Professor of Law at Drexel University David S. Cohen They said many of these state laws were backed by enemies of abortion who tried to set legal precedents that confer personality rights on a developing fetus. If behavior that harms a fetus is a crime in the eyes of the law, women's right to abortion would be at risk, Cohen said.

"Nothing has found that a child's or mother's health is improved by punitive policies," said Cohen, who managed defended a Pennsylvania woman accused of child abuse after the birth of a child exposed to illicit drugs she took during her pregnancy. "This brings people to treatment and results in health problems," for both, he added.

It is not clear that placing an opiate-dependent pregnant woman in jail would also protect her unborn child. Two case reports From the 1970s, there was concern that abrupt withdrawal of opioids during pregnancy could lead to fetal stress and death.

More recent studies have found "no clear evidence of an association between clinically supervised withdrawal and fetal death or premature birth," according to ACOG. But the organization said more research is needed.

In 2017 declarationACOG and the American Society for Addiction Medicine opposed laws that would punish a pregnant woman with an addiction.

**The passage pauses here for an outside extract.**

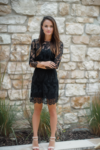This black lace dress is the definition of timeless elegance. The delicate lace detailing gives it a soft, romantic feel, while the sheer long sleeves add just the right amount of intrigue. With its flattering A-line cut and scalloped hem, this dress strikes the perfect balance between sophisticated and flirty. Paired with nude strappy heels, the entire look feels effortless yet put-together.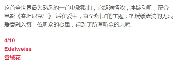 《Edelweiss》是《 音乐之声》中的插曲。在影片中,上校一家参加为德国军官举行的音乐会,他们决定当夜离开奥地利,前往瑞士。音乐会上,上校弹起吉他,唱起了这首奥地利民歌,之后哽咽地唱不下去了, 玛利亚和孩子们走上去与他一起唱,他们的深情感动了在场的奥地利观众,在上校的示意下奥地利观众都激动地与他们合唱了起来。这首歌曲流传甚广,深受中国人民喜爱。

Instead, they argued that all pregnant women should be screened for substance use disorder, and those in need of treatment should receive it.

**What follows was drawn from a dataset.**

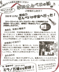 メディア掲載・出演 誌名 るるぶ 東武スカイツリーライン 発売日:2016/01/01 誌名 瀬崎まちづくりニュース 第116号 発売日:2015/08/03 誌名 東武よみうり新聞社 発売日:2000/10/20 誌名 読売新聞・若田宇宙飛行士からの回答(軌道上) 発売日:2000/10/20 誌名 毎日新聞・日本経済新聞・送付伝票 発売日:2000/10/14 誌名 朝日新聞 / 谷塚物語 掲載資料 誌名 りぷらい / 全国特産品案内 掲載資料

"In general, a coordinated multidisciplinary approach without criminal sanctions has the best chance of helping babies and families," the two medical groups concluded. "Obstetric care providers have an ethical responsibility towards pregnant patients and parents with substance use disorder to discourage separation from parents and children only on the basis of suspected or confirmed substance use disorder."

Dr. Mishka Terplan, which worked with ACOG to develop drug and pregnancy policies, said states seeking to help babies should give pregnant women preferential access to substance use treatment and protect them from discrimination.

"Few states have written this in the state statute," said Terplan, who has been practicing addiction and obstetrics medicine for nearly two decades. "We all have stories demonstrating the violation of pregnant people who used drugs."

The idea that children are usually better off with their mothers, even those struggling with drug addiction, may seem counterintuitive, Gupta said. But it's true.

"The best way to protect the babies we know is to find a regulatory framework that allows the mother-child dyad to be maintained after birth," he said. "The only way to do that is for Mom not to be criminalized, for her to have a full opportunity to seek and get treatment for her opioid disorder."